Metro Weekly

Arthur’s teacher comes out and marries his boyfriend in long-running PBS cartoon

Mr. Ratburn marries his boyfriend in a surprise reveal during the 22nd season's first episode

Patrick (left) and Mr. Ratburn at their wedding — Photo: PBS Kids

Long-running PBS Kids cartoon Arthur has opened its 22nd season by revealing that Mr. Ratburn as gay.

According to TVLine, the character — who teaches the titular 8-year-old aardvark Arthur and his friends — marries his partner in the episode, much to the surprise of the kids.

The episode, “Mr. Ratburn and the Special Someone,”which aired Monday, May 13, saw Arthur and friends learn that Mr. Ratburn is engaged.

They then spot Ratburn having lunch with a woman, Patty (voiced by Jane Lynch), who tells him that he’s “too soft” and should “toughen up.”

The kids believe that Patty is Ratburn’s fiance, and that she will make him miserable — which, in true childhood fashion, they realize will then make them miserable in school — and so decide to try and stop the wedding.

Of course, as you’ve probably guessed, when Arthur and co. show up to the wedding, they quickly discover how wrong they were — the woman is actually Mr. Ratburn’s sister.

“Then who is Mr. Ratburn marrying?” asks Arthur’s friend Muffy. Mr. Ratburn then walks down the aisle with his partner, Patrick.

The children quickly realize how happy Mr. Ratburn is, and, rather than sabotage the big day, instead eat cake and mock the happy couple’s dancing.

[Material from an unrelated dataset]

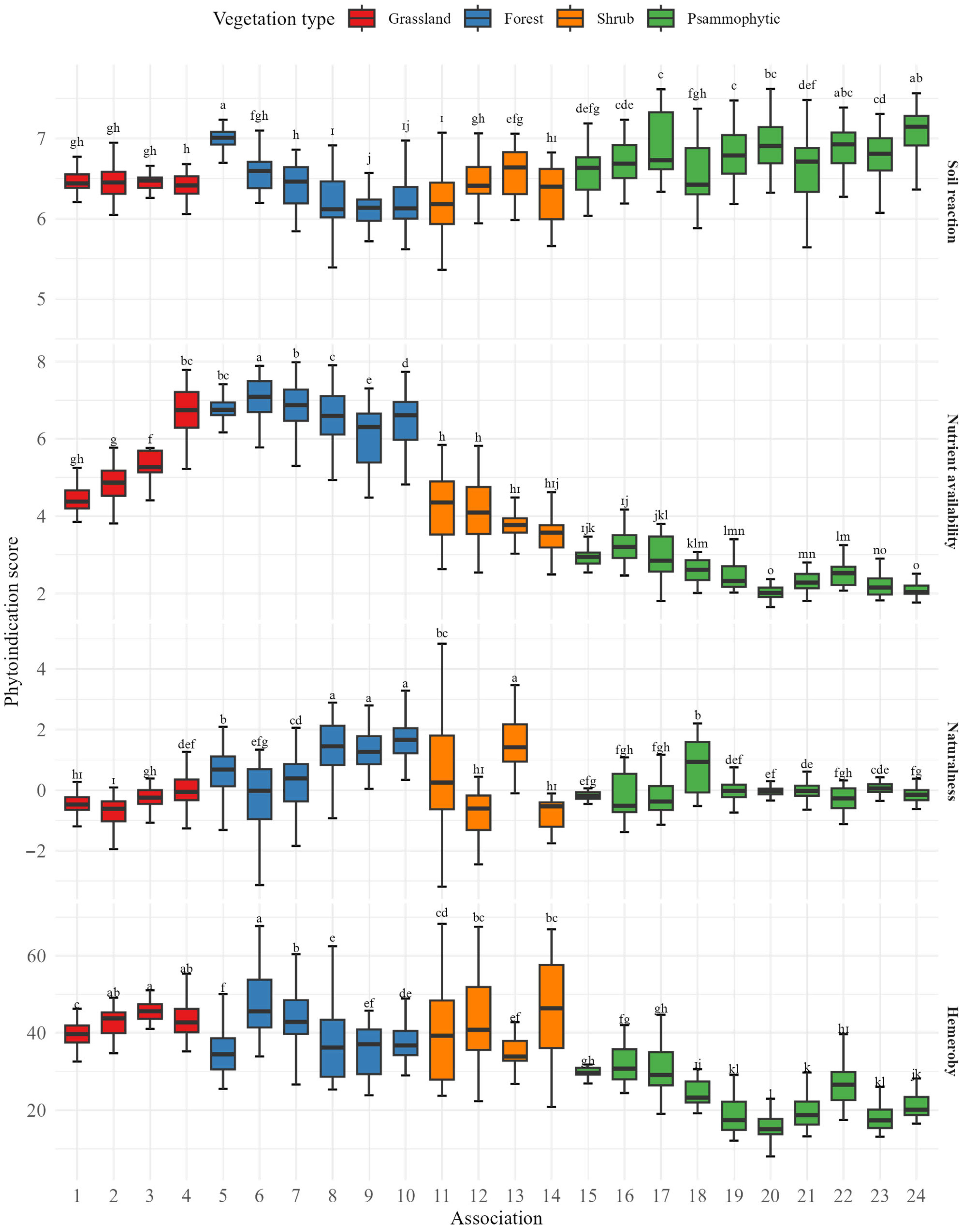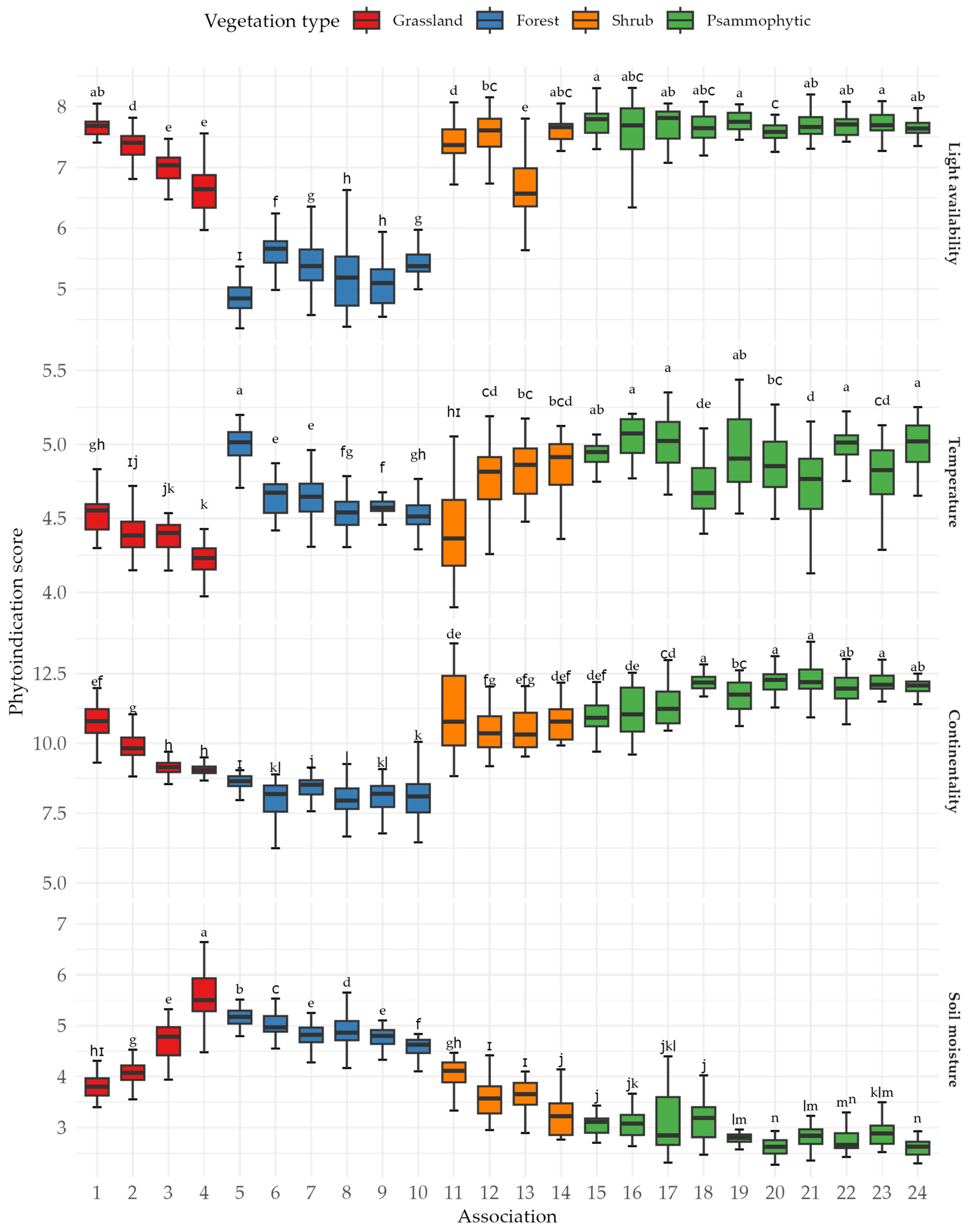 49]. Comparisons with empirical measurements of environmental factors reveal shifts in indicator scores across different phytosociological vegetation classes [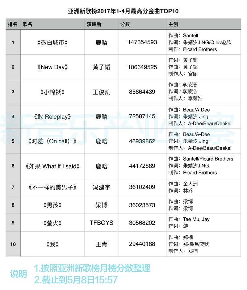 我们整理了亚洲新歌榜2017年1-4月月榜分数最高的前十首歌,如下。

Unfortunately, despite widespread praise for Mr. Ratburn’s nuptials on social media, it hasn’t stopped some from busting out their right-wing homophobia.

Q. Allan Brocka, creator of Logo series Rick & Steve and known for the Eating Out films, collated a few responses in a tweet.

“Not a wonderful kind of day,” one user wrote in reference to Arthur‘s title song. “So I guess we are forcing this content to our children now,” said another.

A third user took a giant, disgusting leap of imagination and tweeted, “Next season [Arthur’s younger sister] D.W. will have her first sexual experience with a 35 year old man!”

“Sure it’s ok to let a faggot come out of the closet but don’t [sic] you teach kids about God,” someone else wrote.

Brocka clapped back: “I mean, *somebody’s* got to teach your kids how not to be douche nozzles.”

The word “gay” is never said during the “Mr. Ratburn and the Special Someone” — much like a 2005 episode of Arthur spin-off Postcards From Buster, which featured lesbian moms in Vermont, but didn’t use the word “lesbian.”

That didn’t stop it from being subject to conservative ire at the time, with PBS withdrawing the episode from airing after then Secretary of Education Margaret Spellings demanded PBS return the federal funds used to create the episode, claiming “many parents would not want their young children exposed to the lifestyles portrayed in this episode.”